The dramedy was co-written by filmmaker Noah Baumbach (Greenberg, Frances Ha) and actress/frequent collaborator Greta Gerwig. Gerwig’s first script was 2012’s Frances Ha, a film which also almost escaped award recognition save for a Golden Globe Best Actress nod for Gerwig.
What Mistress America brings to the table is a gender role reversal story. Gerwig and Baumbach skillfully take the classic hero’s journey and cater it to a woman’s experience. The story also follows the more recent trend of breaking down the manic pixie dream role-model (I don’t think a term has been coined, yet), by which a young, inexperienced, and often “uncool” protagonist attempts to model their journey after an elusively hip and seemingly mature superior (i.e. Fight Club, Almost Famous, Thirteen, or even this year’s The End of the Tour). Gerwig and Baumbach manage to blend these two ideas to create a spectacular and modern take on the female coming-of-age plot.
The story follows Tracy (Lola Kirke, Gone Girl), an aspiring writer and lonely undergraduate who strikes up a friendship with her soon-to-be older stepsister Brooke (Gerwig). Brooke comes to represent everything Tracy wants to be as well as the perfect subject for her writing: she has a romantically dingy Manhattan apartment, flits from one cool party to another, and dips her toes into every imaginable creative outlet – fashion, food, art, etc. Her fascination turns from hero-worship to criticism and back to admiration as the many complicated layers of Brooke surface and Tracy learns a thing or two about her own life in the process.
Kirke and Gerwig have a charming and easy chemistry throughout the film which is helped along by witty zeitgeisty dialogue as well as the sweeping and whimsical metaphoric structures created from Tracy’s perspective as a burgeoning writer. In the film, Tracy likens Brooke to “the last cowboy — all romance and failure. The world was changing, and her kind didn’t have anywhere to go. Being a beacon of hope for lesser people is a lonely business.” The rest of the script successfully transforms this heroically grand character into someone simultaneously relatable and unattainable, i.e. the perfect manic pixie dream role-model.
Much of Brooke’s dialogue seems to be grounded in her informing the world around her.

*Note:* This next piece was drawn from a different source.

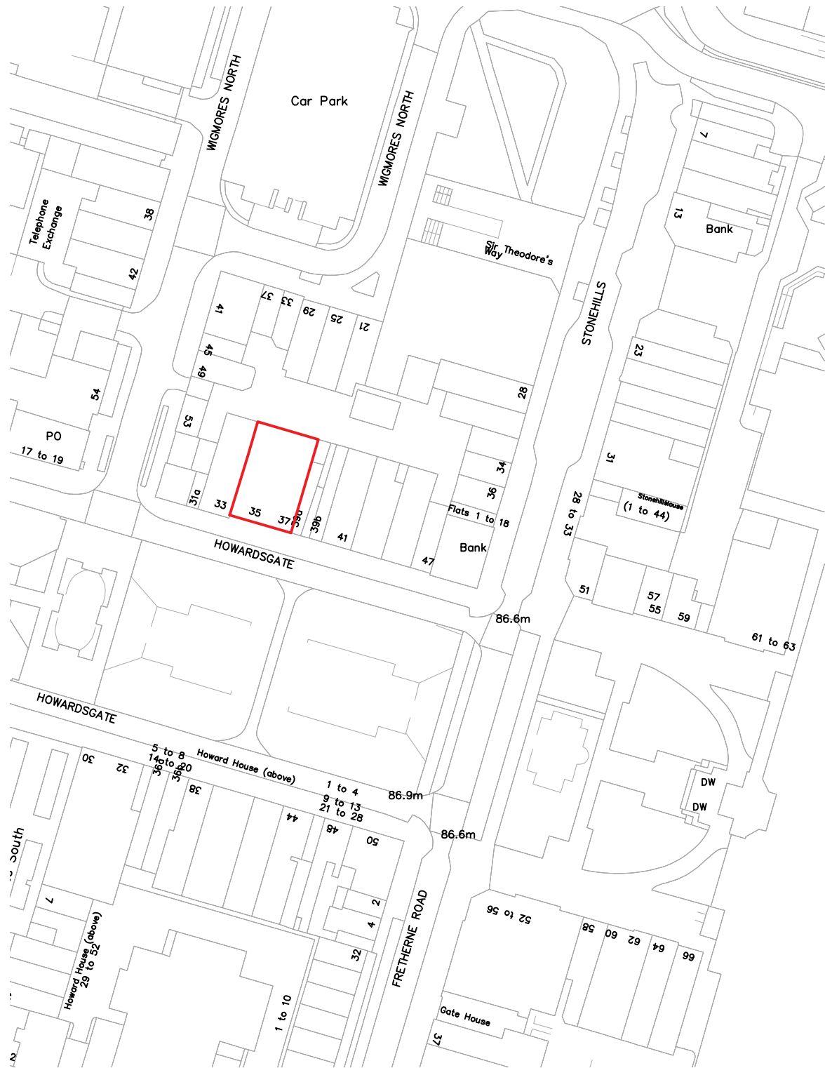
01 Location Plan 1:1250 @ A3

She tells Tracy, “I think I’m sick, and I don’t know if my ailment has a name. It’s just me sitting and staring at the internet for long periods of time, interspersed by trying not to do that and then lying about what I’ve been doing. And then I’ll get so excited about something that the excitement overwhelms me and I can’t sleep or do anything and I just am in love with everything but can’t figure out how to make myself work in the world,” to which Tracy replies (along with every audience member of a certain age) “I think I have that, too.” Nearly every word that comes out of Brooke’s mouth is something to hang onto, leaving us smirking and nodding our heads to lines like “I think I’ll end up doing something depressing, but fun.”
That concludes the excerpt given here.